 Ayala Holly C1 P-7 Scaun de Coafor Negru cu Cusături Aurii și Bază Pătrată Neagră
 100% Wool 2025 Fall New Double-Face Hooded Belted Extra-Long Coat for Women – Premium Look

--

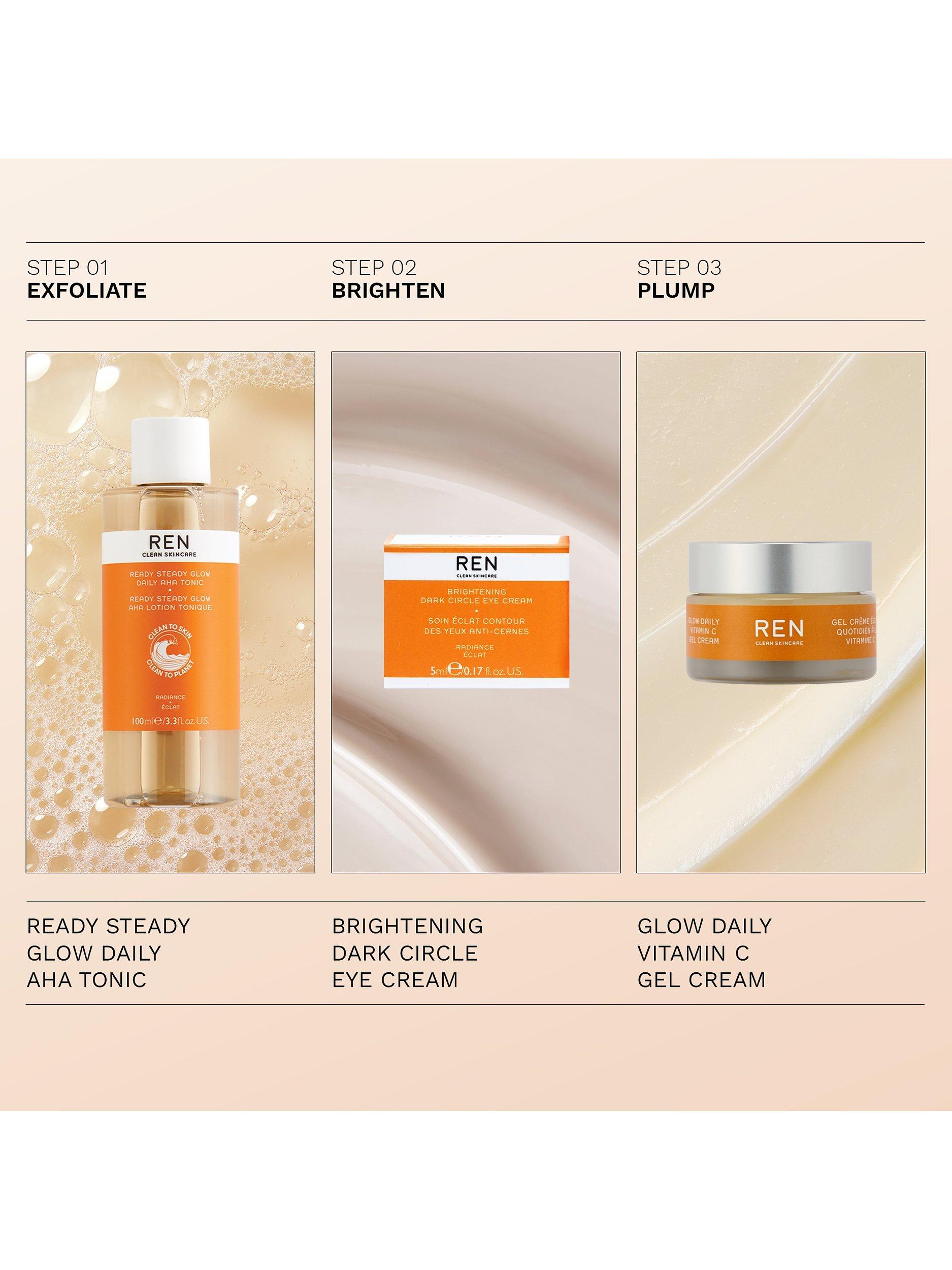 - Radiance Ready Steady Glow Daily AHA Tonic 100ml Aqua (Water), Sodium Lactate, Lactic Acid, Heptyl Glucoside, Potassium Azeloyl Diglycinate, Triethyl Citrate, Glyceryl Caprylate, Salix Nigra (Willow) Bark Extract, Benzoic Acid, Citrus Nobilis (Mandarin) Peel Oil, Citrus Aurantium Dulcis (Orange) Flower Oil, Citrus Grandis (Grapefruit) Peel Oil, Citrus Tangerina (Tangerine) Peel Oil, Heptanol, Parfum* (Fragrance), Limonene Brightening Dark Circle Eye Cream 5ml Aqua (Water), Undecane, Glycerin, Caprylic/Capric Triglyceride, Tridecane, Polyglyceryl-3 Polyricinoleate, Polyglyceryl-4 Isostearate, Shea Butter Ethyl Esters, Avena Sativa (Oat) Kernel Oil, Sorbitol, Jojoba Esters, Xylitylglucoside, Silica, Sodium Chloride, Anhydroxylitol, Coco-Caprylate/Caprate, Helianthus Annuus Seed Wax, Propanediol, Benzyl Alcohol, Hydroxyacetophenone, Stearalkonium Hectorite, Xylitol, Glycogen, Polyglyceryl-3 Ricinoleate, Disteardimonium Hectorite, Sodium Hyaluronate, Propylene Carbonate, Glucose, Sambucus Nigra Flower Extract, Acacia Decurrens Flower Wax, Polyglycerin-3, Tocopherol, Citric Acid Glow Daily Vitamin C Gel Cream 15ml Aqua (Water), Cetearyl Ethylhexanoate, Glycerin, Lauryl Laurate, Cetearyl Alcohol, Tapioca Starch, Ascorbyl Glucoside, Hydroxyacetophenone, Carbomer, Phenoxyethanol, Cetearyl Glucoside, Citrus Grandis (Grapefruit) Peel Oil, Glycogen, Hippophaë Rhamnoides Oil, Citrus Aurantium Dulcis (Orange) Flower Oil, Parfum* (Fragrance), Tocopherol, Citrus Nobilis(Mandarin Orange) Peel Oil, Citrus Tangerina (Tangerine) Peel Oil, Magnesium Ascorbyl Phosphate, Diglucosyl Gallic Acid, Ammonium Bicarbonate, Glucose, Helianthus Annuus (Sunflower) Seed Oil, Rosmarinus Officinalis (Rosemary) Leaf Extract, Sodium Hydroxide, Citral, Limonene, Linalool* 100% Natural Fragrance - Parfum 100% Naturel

### Exercise objective
Once you reach the line with "Ayala Holly C1" in the data above, copy it and every line after it exactly, up to and including the line with "100% Wool 2025".

### Exercise response
 Ayala Holly C1 P-7 Scaun de Coafor Negru cu Cusături Aurii și Bază Pătrată Neagră
 100% Wool 2025 Fall New Double-Face Hooded Belted Extra-Long Coat for Women – Premium Look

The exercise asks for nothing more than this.